Так вот. Детство мое прошло в заполярной ссылке. Не я был в ссылке, мои деревенские родители, ну и коль у них не было моды оставлять детей в роддомах, Домах ребенка и детдомах, то они прихватили нас, пятерых детей, с собою — в качестве обременительного багажа — более у них никакого имущества не было. Отец мой был физически здоровым, крепким мужиком, и его за все за это поставили на выкатку леса с зимней реки, проще говоря: с бригадой такиx же здоровенных мужиков он выдалбливал вмерзшие в лед плоты и вывозил их на берег, к заводишку с железной трубой, где одышливая машина, соря опилками, превращала лес в доски, в брусья и шпалы. Отец не раз падал в воду, простудился, заболел цингой и умер. Мать у нас была деревенская, белая ликом и выдающаяся статью, красавица. Бог поступил с нею так же, как и со многими красивыми людьми, — наделяя их красотою, он больше ничего к этому не добавил, считая, что для человеческого счастья и безбедного существования и этого вполне достаточно, ум пригодится и некрасивым, Бог — это вам не заведующий закрытого ларька, он все делит меж чад своих по справедливости, но не по занимаемой ими должности.

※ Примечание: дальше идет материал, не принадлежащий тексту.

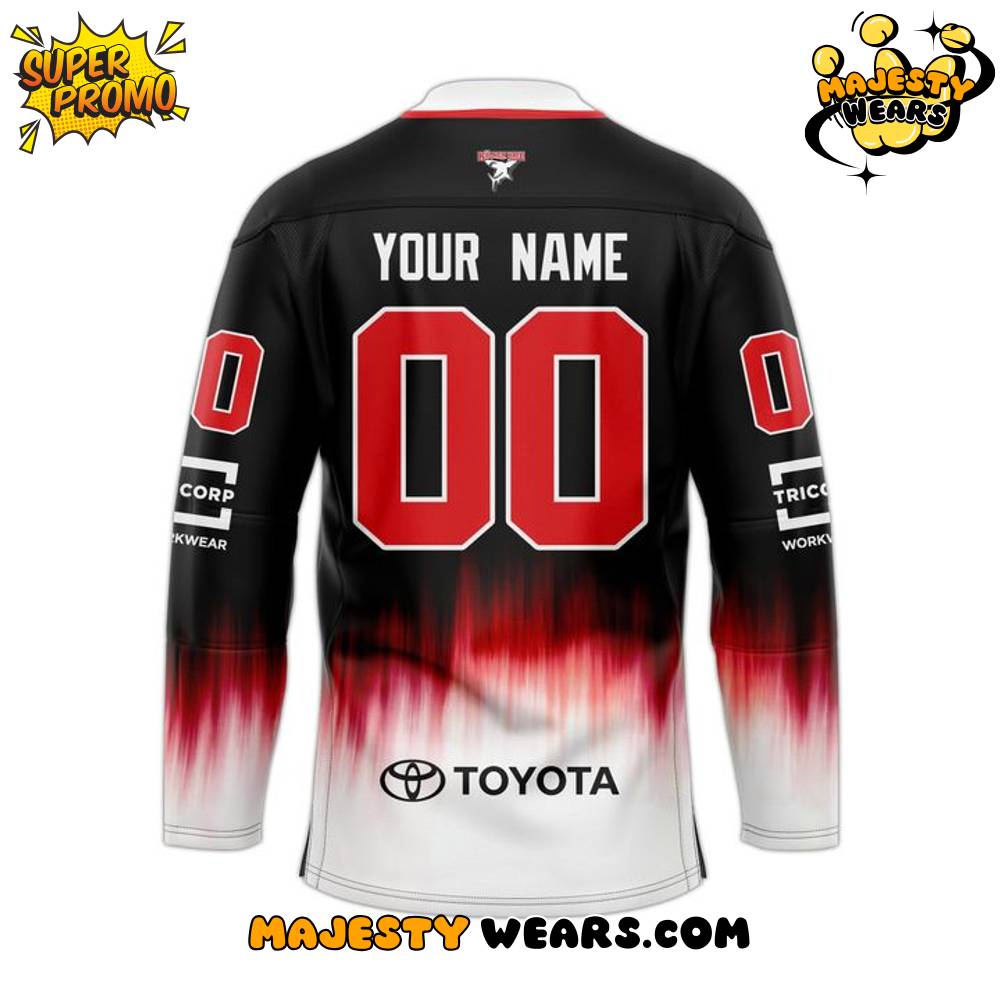 The attention to detail extends to the player customization features of the Kölner Haie Unser Third Trikot der Saison 2025/2026 Hockey Jersey, allowing fans to proudly display “YOUR NAME” above a high-contrast red number on the back, or choose the number of a current player. The numbers on the back and sleeves are rendered in a bold, eye-catching red, contrasting sharply with the black fabric to ensure maximum visibility, embodying the aggressive and focused spirit of the Haie. The prominent Bauer logo near the bottom hem and the Toyota sponsor on the lower back further authenticate the jersey, making it a complete and expertly detailed piece of official fan gear.

Безвольная, на ногу не скорая, умом вялая и, хотя и деревенская, по дому почти ничего не умеющая, привыкшая жить за спиной родителей и мужа своего, без ума ее любившего, мама моя растерялась, упала духом, стала опускаться, гулять и даже попивать. Нас троих, младшеньких, весной усадили на пароход и отвезли в областной город, в детдом. Двое старших парней уже работали и скоро, один за другим, поступили учиться на военные курсы, затем снизошла на них милость, разрешено им было служить в армии, откуда они уже не вернулись, сделавшись кадровыми военными. Войну они встретили в чинах, правда небольших, и погибли на фронте в первых же боях.

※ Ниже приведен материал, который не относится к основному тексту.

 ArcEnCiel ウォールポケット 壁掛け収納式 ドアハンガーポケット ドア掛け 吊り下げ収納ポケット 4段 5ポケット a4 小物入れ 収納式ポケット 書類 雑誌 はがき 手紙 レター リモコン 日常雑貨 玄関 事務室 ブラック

Нас троих в детдоме почему-то разделили, наверное, не хватало мест, и я потерял из виду своих двух сестренок. Навсегда. Мать наша тем временем не раз сходилась с мужчинами, наконец «вышла замуж» и, винясь перед нами, что ли, стала искать своих детей, и нашла меня, самого младшего, и у нее хватило ума вытянуть меня из детдома. У меня хватило того же, маминого, недлинного, ума — оставить детдом и податься на зов родителей. Новых!
Устроена была моя мама в станке Карасино хорошо, в хорошем доме, точнее, в половине его, к магазину пристроенном. Муж ее, пан Стас, по происхождению поляк, работал продавцом в магазине, но именовал себя завмагом и завскладом, потому как летней порой принимал от рыболовецких бригад рыбу, карасинцы под его руководством обрабатывали ее и отправляли на городской рыбозавод. Пан Стас был сухопар, строг, подчеркнуто честен, картинно, как и все поляки, патриотичен, ничего не присваивал, не воровал, да ему и воровать ничего не надо было — все находилось «под рукой», все почти «свое», даже и ребенок свой появился — моя новая и, как оказалось после, вечная сестренка Зоська. Ей шел седьмой годик. Девчонка, разодетая будто куколка, росла резвая, сытенькая, общительная, и я сразу привязался к ней, а она ко мне. Так и до сих пор. Нет уже мамы, да и пан Стас далече. Зоська же — самая родная душа — осталась со мной навсегда. Спасибо маме и пану Стасу хоть за нее.
Почему-то меня поместили спать на чердаке, среди магазинного хлама и ломи ящиков. Дали потник, подушку в серой наволочке, старое, еще в отцовской деревне стеженное одеяло, пропахшее мочой и потом. Мне, привыкшему к казенной койке, к полосатому матрацу, к постели с двумя простынями, с чистой подушкой, пусть и стружками набитой, показалось это не то чтоб обидным, но как-то вот задело меня, вроде как я скотина какая и стойло мне отдельное определено. Среди лета на чердаке начали жучить меня комары, я расчесал тело, и пан Стас запретил мне общаться с Зоськой, помогать ему на складе и в работе на рыбоделе, потому как я «есть чесоточный», и, пока не вылечусь, мажась дегтем, «до общественного труда и дзецка пущен быть не могу». Тогда я и познал, что такое быть шелудивым, усвоил смысл жестокой пословицы: «Паршивую птицу и в стае клюют».